Task prompt: An exact reproduction of the entries is needed. Keep all pictures out of it.

Dataset content:
*** Begin section ***
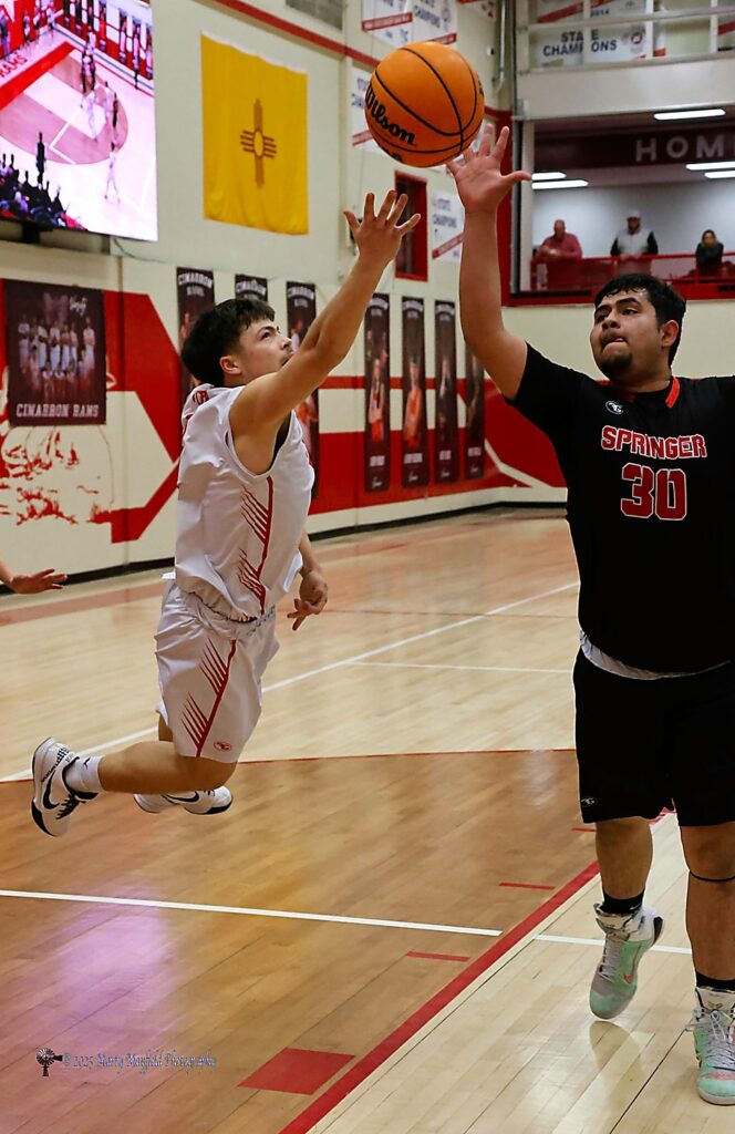 Springer’s Josiah Vasquez drives around Cimarron’s Orion Ledoux and heads for the basket Saturday evening during the District 5A championship game in Cimarron.
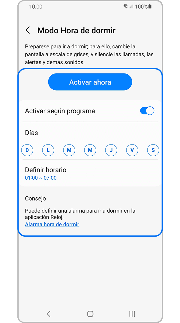 Con este modo, podrás ajustar algún horario en el que tu smartphone dejará únicamente lo más básico activo para evitar distracciones durante la noche y así puedas conciliar el sueño.
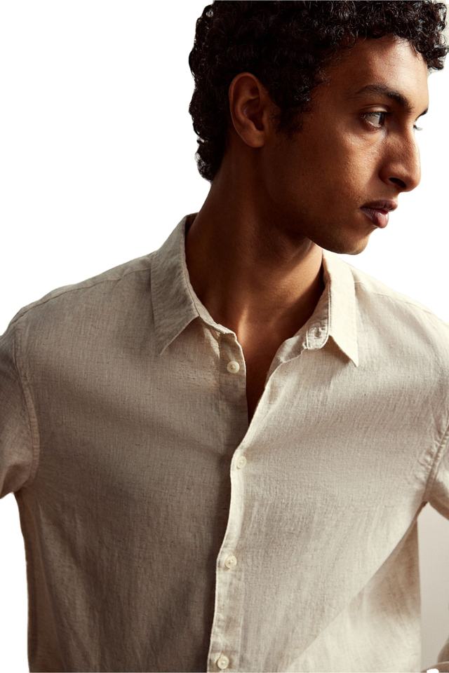 Chemises à col manches longues texturées de marque haut tendance Regular Fit pour hommes de qualité supérieure Comfort Wear lin coton mélangé
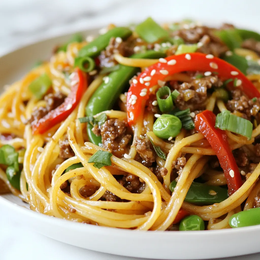 A delicious fusion of Asian flavors and classic spaghetti, featuring ground beef and fresh vegetables.
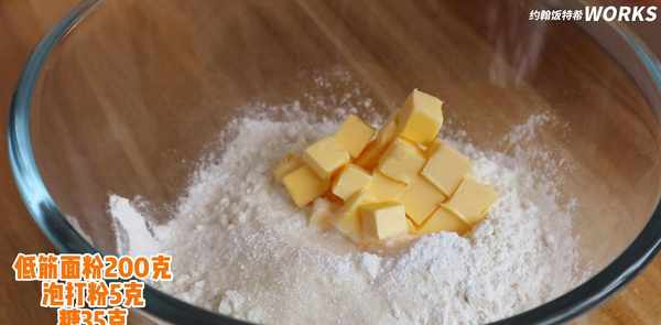 第四步:在一个大碗里,加入200克低筋面粉、5克泡打粉、50克普丁和黄油。
*** End section ***
Solution to this task:
 Springer’s Josiah Vasquez drives around Cimarron’s Orion Ledoux and heads for the basket Saturday evening during the District 5A championship game in Cimarron.
 Con este modo, podrás ajustar algún horario en el que tu smartphone dejará únicamente lo más básico activo para evitar distracciones durante la noche y así puedas conciliar el sueño.
 Chemises à col manches longues texturées de marque haut tendance Regular Fit pour hommes de qualité supérieure Comfort Wear lin coton mélangé
 A delicious fusion of Asian flavors and classic spaghetti, featuring ground beef and fresh vegetables.
 第四步:在一个大碗里,加入200克低筋面粉、5克泡打粉、50克普丁和黄油。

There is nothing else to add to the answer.